Claro que sim. Nós tínhamos uma óptima relação e lamento que tenha acabado desta forma. Tenho muita pena mesmo.

E o amor também já acabou?

(silêncio) O amor não acaba assim de um dia para outro. Possivelmente acabará com o tempo, Como costuma dizer-se, o tempo cura tudo.

E é possível ficar uma amizade?

Agora é complicado, mas talvez daqui a uns tempos.

Nas conversas com Júlia Pinheiro a Ana defendeu sempre o Vítor. Porquê?

Porque não me posso esquecer que ele tem uma filha, um pai e uma mãe. É verdade que ele teve um comportamento inadequado mas foi penalizado por isso. Foi expulso do jogo e a nossa relação acabou, ponto final. Não quero de maneira nenhuma estragar-lhe a vida.

Já conversou com o Vítor desde que saiu do programa?

Não. Depois e saber o que ele disse à Imprensa, essa conversa já não faz qualquer sentido.

Está a falar de ele ter dito que já não queria saber de si?

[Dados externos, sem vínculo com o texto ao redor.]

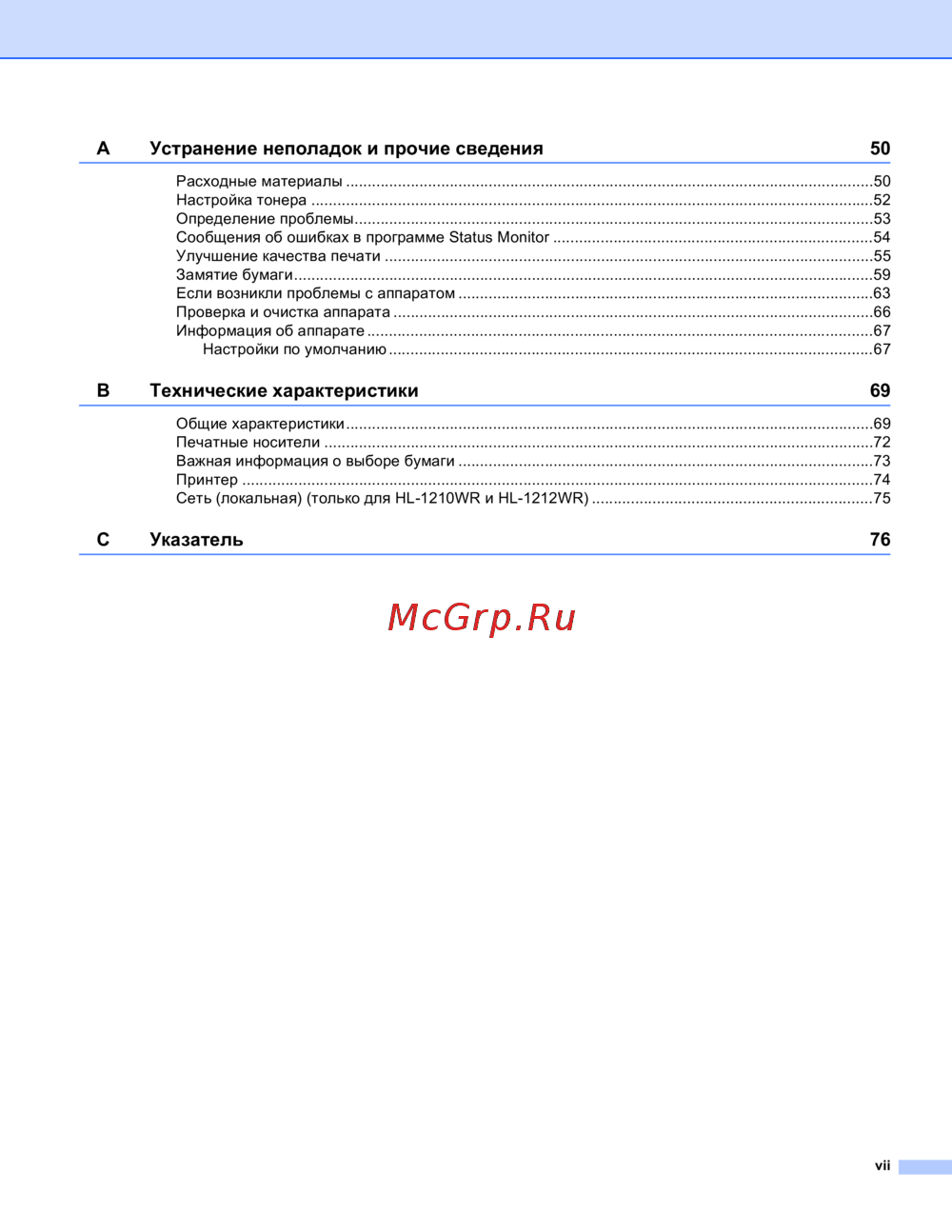 ![Brother HL-1200R [8/85] A устранение неполадок и прочие сведения 50](/views2/1198926/page8/bg8.png)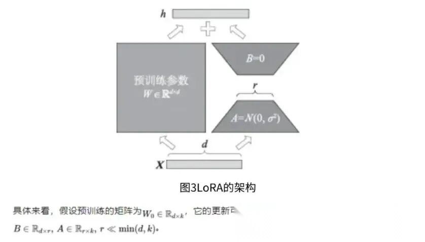 在训练过程中,只需要固定原始模型的参数,然后训练降维矩阵A和升维矩阵B,如图3所示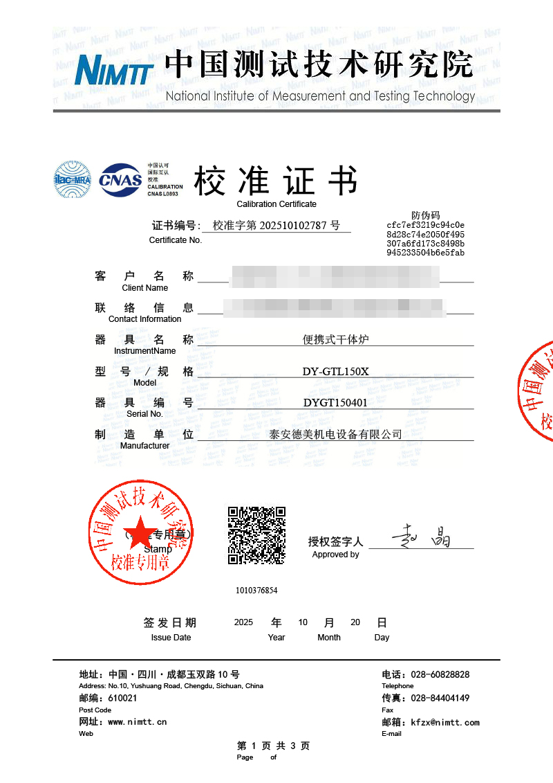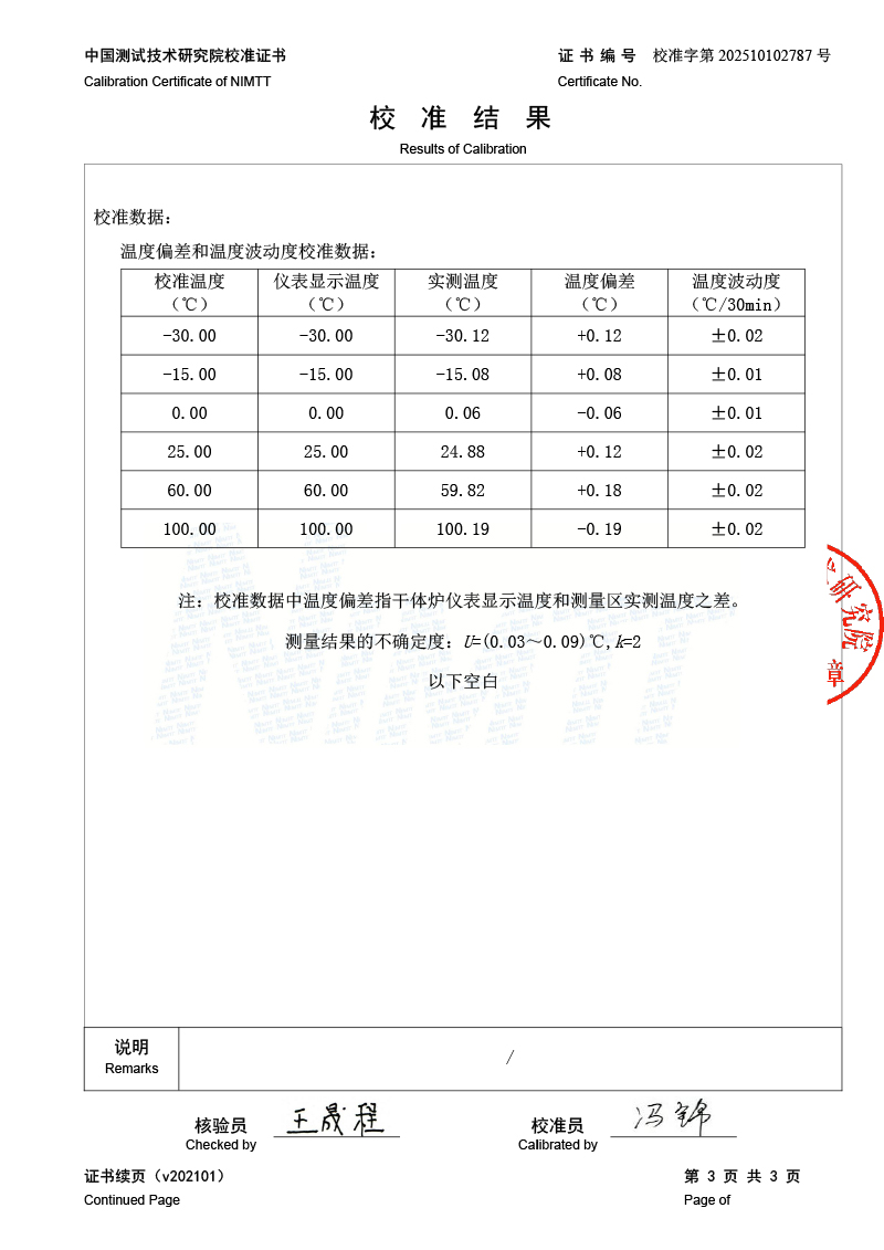 | 上一條:超低溫面源黑體爐(-40-80℃)校準(zhǔn)證書 | 下一條:智能干體儀(六位半精度)校準(zhǔn)證書 |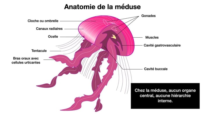 À première vue, la méduse est très éloignée du concept classique d’animal. Elle est dépourvue de tête, ne possède ni queue, ni squelette, ni carapace. Elle n’a pas davantage de cœur, de poumons ou de cerveau qui lui permettrait de traiter l’information que ses nombreux capteurs collectent. Et pourtant, elle se nourrit, se déplace, réagit à son environnement et se reproduit sans difficulté, autant de fonctions qui justifient pleinement sa place dans la catégorie des animaux.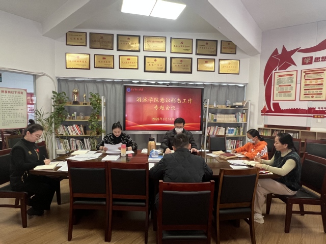 3月14日上午,游泳学院在跳水花游馆二楼会议室召开意识形态工作专题会议。学院党总支书记骆晓娟主持会议。学院全体管理干部参加会议。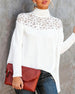 Bluse Uni-Farbe Revers Spitze Patchwork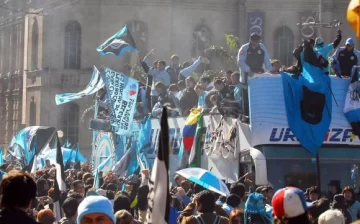 Asimismo, otra multitud calculada en 10.000 personas, aguardó con banderas y globos la llegada del plantel en el centro de la ciudad, de manera especial frente al Patio Olmos, donde se realizó el festejo central y todo fue delirio por el nuevo ascenso a Primera División.

Sim, isso magoou-me e desiludiu-me bastante. Apesar de saber que as coisas tinham acabado, nunca acabei com ele em directo. O que eu disse à Júlia Pinheiro no confessionário, é que, naquele momento não me sentia namorada dele. É diferente de não me considerar namorada dele. O Vítor conhece-me bem e sabe que eu nunca faria uma coisa dessas. Ele devia ter esperado para conversar comigo depois de eu sair. Se ele o tivesse feito, talvez as coisas tivessem sido diferentes...

A reconciliação é possível?

Nos próximos tempos, não. Era impensável. O que ele me fez não se esquece. Mas nós podíamos ter ficado com uma boa relação e no futuro quem sabe.

O que é que os seus pais lhe disseram sobre esta situação?

Sobre o Vítor a minha mãe disse apenas "não preciso de te dizer o que penso, mas a vida é tua e tu fazes o que entenderes". O meu pai é muito protector e disse que, por me conhecer muito bem, não sabe como é que eu não me passei (risos).

A Ana e o Vítor moram na mesma zona, frequentam os mesmos locais e é provável que se encontrem por aí. Consegue imaginar como será o reencontro?

Se o encontrar vou ser educada e vou cumprimenta-lo. Até porque acho que talvez nos faça falta uma conversa final sobre tudo o que se passou dentro daquela Casa.